Have a Happy New Year!

Ed
[1] StlRuby http://stlruby.org/ruwiki/ruwiki.cgi/
[2] New Google Groups for us: http://groups-beta.google.com/group/stlruby
[3] OCI http://www.ociweb.com/
[4] Pictures from our dinner with dave, Bruce and folks at the Gateway Software conference
http://www.cornetdesign.com/images/DSC00476.jpg (Dave is the one imbibing You can barely see the top of my head)
http://www.cornetdesign.com/images/DSC00477.jpg (Jeff is the one at the left closest to the camera.)
[5] Up and running Ruby on Rails http://www.amazon.com/Ruby-Rails-Running-Bruce-Tate/dp/0596101325/sr=1-1/qid=1167512231/ref=sr_1_1/103-6671475-6469421?ie=UTF8&s=books
[6] Ajax Hacks
http://www.amazon.com/Ajax-Hacks-Bruce-Perry/dp/0596101694/sr=8-1/qid=1167512145/ref=pd_bbs_sr_1/103-6671475-6469421?ie=UTF8&s=books
[7] Inspired Horizons, Ruby Training
http://inspiredhorizons.com/
[8] St. Louis Code Camp http://www.stlcodecamp.org
[9] cat2rfb http://rubyquiz.com/quiz77.html
[10] O'Reilly Ruby Weblog http://www.oreillynet.com/ruby/
[11] Curt's Comments http://curthibbs.wordpress.com/
[13] Pat Eyler : On Ruby http://on-ruby.blogspot.com/
[14]
Kyls's blog http://kylecordes.com/
[15] Cory's blog http://www.cornetdesign.com/
[16] WDT Solutions, LLC. http://www.wdtsolutions.com
[17] Fantasy Golf Site
http://www.rgfgc.com

4 comments:

Anonymous said...

As a fellow Missourian (or at least I used to be before I moved to California to work for Lunarpages Web Hosting), I'm so proud to see all the Rubyness catching on in the Show Me State!
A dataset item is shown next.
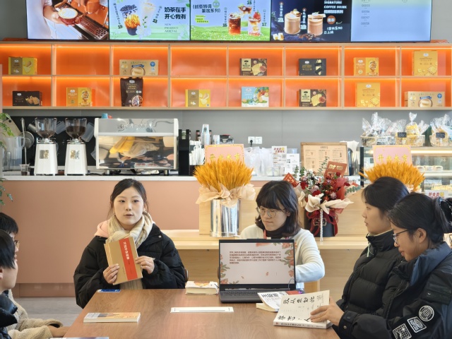 12 月 19 日,阳光正好,信息工程系在蓝岛书院举办以 “啡” 常阅读,“书” 适青春为主题的阅读分享会。蓝岛书院内咖香四溢,众多同学慕名而来,现场气氛热烈。此次分享会由信息工程系党支部书记胡枫,辅导员臧琼、图书馆王君,信息工程系10名团学骨干、5名心理气象站学生共同参加。

RoR is incredibly exciting, so I look forward to seeing what happens with it and all the STL RoRers.

Nice blog as well. :)

Ed Howland said...

Tiara,

Glad to know you are seeing the happenings in the St. Louis, RoR community. You should join our mailing list to be kept up to date. We have a number of "at-large" transplanted Rubyists on it.

Ed

Anonymous said...

Hello,
I am looking for an Ed Howland that once lived in Corning, New York. He was a friend that liked going to another friends cottage on Seneca Lake. Would love to contact him and see what ever happened to him since he moved from Corning.